いつもは頼もしい提督の生真面目さも、こういう時だけは裏目に出る。

 

「ですが今日が期限の書類が……」

 

「ああもう!それくらいは私と大淀さんがやっておくから!提督さんはちゃんと風邪を治すこと!分かった!?」

 

「……はい」

 

 

こうして提督の仕事を全て引き受けることになった瑞鶴。

しかし彼女は知らなかった。

 

提督代理として鎮守府の運営はやることは山積みであり――いくら秘書官を日頃から務めていたとはいえ一筋縄ではいかないということを。

 

 

「えっと、今日は提督さんの体調不良により私が提督代理をやることになりました。提督さんの具合が良くなるまでですがよろしく……って、何か文句あるの一航戦!?」

 

――朝の食堂で提督の不在を発表し。

 

 

「えーっと、これがこうで、こっちがこれで……あれ?あー!もうっ!」

 

「瑞鶴さん、諦めちゃダメです!とりあえずその書類は一時間以内に終わらせないと!」

 

「うにゃあああああ!」

 

――書類の山とタイムリミットとの戦いを繰り広げ。

 

 

「あ、翔鶴姉。えっ、お医者さん来たの!?て、提督さんのところに行かなきゃ!」

 

「ちょ、瑞鶴さん!まだ書類が残ってます!」

 

「放して大淀さん!こういう時は妻として一緒にいてあげないと!」

 

「それ以前にこの書類を終わらせないと貴女の夫がいろいろとマズいんです‼」

 

――大淀と瑞鶴のひと悶着もあり。

 

 

「や、やっと締め切り前を切り抜けた……提督さんにお昼ご飯持ってかないと……え?さっき他の人が持って行ってくれたの?ふーん、ちなみに誰が?

 

………………比叡さんと磯風が?」

 

――病人に劇物を持っていこうとした二人を容赦なく爆撃し。

 

 

「何でお粥が真っ黒なのよ……何でおかゆにマーマイトが入ってるのよ……」

 

「――瑞鶴、瑞鶴!」

 

「あれ、どうしたの翔鶴姉」

 

「どうしたの、じゃないわよ!今日は午後から演習でしょ!?早く準備しないと!」

 

「わ、忘れてたーーーー!」

 

――今日の演習艦隊に自分が含まれていたことをすっかり忘れていたり。

 

 

「――瑞鶴さん、敵の魚雷来ました!」

 

「三時の方向に面舵一杯!」

 

「砲弾の装填が完了したぞ!もう撃っていいか!?」

 

「合わせて撃つからもうちょっと待って!」

 

「艦載機の準備、完了しました!」

 

「了解!全機発艦!やっちゃって!」

 

――旗艦として戦闘の指示を出したり。

 

 

――そんなこんなで、きっちりとフルで行われた演習が終わるころには日が沈みかけていた。

 

「うう、疲れた……」

 

瑞鶴はふらふらとした足取りで廊下を歩いていく。

本来ならば残っていたはずの書類をこなすために執務室に向かうはずだったのだが、

 

『いえ、後は私たちがやっておきますので……瑞鶴さんは提督の傍にいてあげてください』

 

そんなことを言われては従うしかない。

 

(提督さん、大丈夫かな……)

 

一応、提督の様子を定期的に見てくれた他の艦娘から、安静にしていればすぐに治るぐらいの風邪だと聞かされてはいるが、それらは全て又聞き情報。
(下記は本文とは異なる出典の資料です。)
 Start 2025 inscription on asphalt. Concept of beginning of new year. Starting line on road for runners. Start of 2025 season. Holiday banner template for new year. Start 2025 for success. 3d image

やはり自分の目で確認するまでは安心できなかった。

 

「提督さん、入るよ……?」

 

ドアを開け、朝以来の提督の部屋の入室する。

数歩で終わる廊下を抜けると、そこには落ち着いた様子で眠る提督がいた。

 

(……よかった、治ってきてるみたい)

 

朝からするとだいぶ良くなったように見える提督の顔を見ながら、瑞鶴は取り合えず安心した。
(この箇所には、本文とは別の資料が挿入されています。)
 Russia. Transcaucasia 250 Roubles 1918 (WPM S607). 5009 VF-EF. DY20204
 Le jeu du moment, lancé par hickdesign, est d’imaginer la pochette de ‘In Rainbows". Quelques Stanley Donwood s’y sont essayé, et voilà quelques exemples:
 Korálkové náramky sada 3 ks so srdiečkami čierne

自分の目で提督の快方を確認した瑞鶴、周りのことを見る余裕ができたところでふとベッドに隣接している机の上を見ると――

 

(うわっ、すごい量のお見舞い)

 

机の上にお見舞い品の山があった。

 

お水やのど飴、クッキーや鶴の折り紙、変わったところでは赤ワインなど多種多様な品の数々。どれもこれもが提督を思ってのことだと理解できるようなラインナップだった。

 

(やっぱり、提督さんって好かれてるんだ……)

 

そのことを誇らしく思うとともに、ほんの少しだけ胸の奥がチクリと痛む。

 

わざわざお見舞いをしに来た艦娘たち、その中には異性として提督を好いている者もいたのではないのか?――それはそういった類の痛みだった。

 

(イヤだなぁ……)

 

そんな想像と、そんなことを考えてしまう自分が嫌になる。

 

もちろん瑞鶴とて提督を手放すつもりなど毛頭ない、提督と一生を添い遂げる覚悟だってとっくにできている。

だけどそれはそれとして――

 

(私で、よかったのかな)

 

そういうことを考えてしまう。

今日だってそうだ。提督の代わりと意気込んだものの、仕事に振り回されて自分の演習すら忘れる始末。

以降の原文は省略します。